At 8:20 am, my twelve-year-old daughter, Isabelle, was rushing to meet her ski group. She was 20 minutes late and stressed – she takes her skiing very seriously and was training for a race in a couple of days.
Near the competition center, she ran into one of her coaches, Joey. He looked at her, then his watch. “If this were a race day,” he told her, with a disapproving scowl, “I would tell you to turn around and go home.”
His words stung and she burst into tears. A few moments later, she was greeted by another one of her coaches, Vicky, who saw how stressed she was.
“Honey, don’t worry,” she said. “This isn’t a race. It’s okay that you’re running a little late. You’ll just catch up with your group on top of the mountain.”
Two vastly different coaches, two vastly different responses. Who’s right? I bet you have an opinion.
But that’s not the point.
My advice to Isabelle? You will have Joeys in your life and you will have Vickys. They will show up as teachers, bosses, colleagues, and friends.
So, I said to her, it’s a good idea to get used to the different responses without getting thrown off balance. You can’t control how people respond to you, but you can control how you take them in and how you respond to them.
But let’s go one step deeper. The truth is, we all have a Joey and a Vicky inside, and they can both be useful. Joey might seem unkind, but his high expectations and low tolerance for failure can be helpful in driving us to be our best. On the other hand, sometimes we need empathetic support. To some, Vicky may appear soft. But her comfort and reassurance can be useful, especially during times of stress.
Here’s the key: Be strategic and intentional about who you listen to – and when – even if the voices are inside your head. In fact, especially if the voices are inside your head. Those can be the sneakiest. It’s pretty easy to call Joey a jerk and ignore him; it’s much harder to dismiss the voice in your head because, well, it’s you.
Try this tactic: when you hear the voices, give them names and personalities. Imagine a Joey on one side, a Vicky on the other.
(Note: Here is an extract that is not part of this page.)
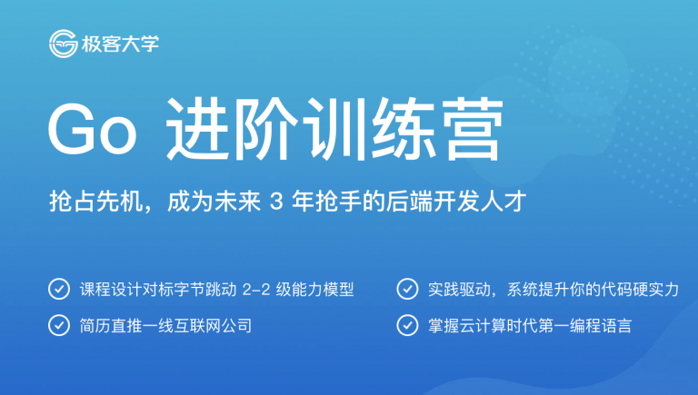 课程设计对标字节跳动 2-2 级能力模型,实践驱动,系统提升你的代码硬实力,简历直推一线互联网公司,掌握云计算时代第一编程语言。

1. Notice the voices in your head as voices. A lot of the time, most of us simply believe what we hear – either from other people or from ourselves. If your inner voice calls you lazy, it’s hard not to think you’re lazy. It helps if you imagine it’s Joey calling you lazy instead.
2. Resist the urge to judge whether the voices in your head are right. It’s impossible to know and it doesn’t matter anyway. Are you lazy? The truth is that you probably are, in some ways. And, in other ways, you’re not. But that’s not the right question.
3. Instead, think about the outcome you want and ask this question: Is what this voice is saying — and how it’s saying it — useful right now? This is the same question you should be asking if you’re confronted by an actual Joey or Vicky. Is this voice helpful to me in this particular moment? If you think it’ll motivate you, listen to it. If it will demoralize you, don’t.
This is an important skill: the ability to ignore critical voices when they’re destructive, without discounting them entirely. They might be useful another time.
The goal is flexibility. Cultivate a varied group of critics and coaches, both internal and external. Be aware of who is speaking and when you should listen.
Comfort with multiple voices is particularly important if you are a manager. You need to be able to be Joey or Vicky, depending on the situation. Sometimes, people need to feel your high expectations and disapproval. Other times, they need your gentleness and empathy. Don’t default to one or the other. Pause to assess what’s needed and then make a choice.
“It’s hard,” Isabelle told me after we spoke about the different voices and messages they brought with them, “How do I stop from thinking Joey is just a jerk? Or that I’m lame for being late?”
“He might be a jerk and you may be lame,” I said, “but not because he said so. Here’s the question: Will you be more likely to be on time tomorrow because of what he said?”
“Yes,” she conceded. “But it felt terrible.”
“And, when you feel terrible, can you hear Vicky’s voice too?”
“Yes,” she said, beginning to smile.
“Then it’s a good thing you have two coaches,” I told her.
Because sometimes, both voices are the perfect combination.
Elegant. Excellently put. You provided a very clear guideline to follow when people encounter this kind of situations.
I always had an urge to learn from Joey-type advice yet feel confident from Vicky-type advice, but was really struggling to follow what guideline I should follow in order to take good lessons out of both. Not only I suffered from it, but what bothered me more was how I couldn’t really give advice to other people when they asked me for it. Now I know I can answer this!
Your articles are so elegantly put, and very speech-like. I absolutely dig it all the time. Thanks!
Thanks for taking the time to articulate your thoughts so clearly.
It actually does add value to my life, all the way over in New Zealand!
Please keep going.
Kind regards, Antoinettte
Peter, what you write sounds great, but I’m afraid that the likely truth is you, your daughter and all people are not going to meet many or any Vickys. There are plenty of Joeys. So then one has to come up with their own Vicky and that takes some doing.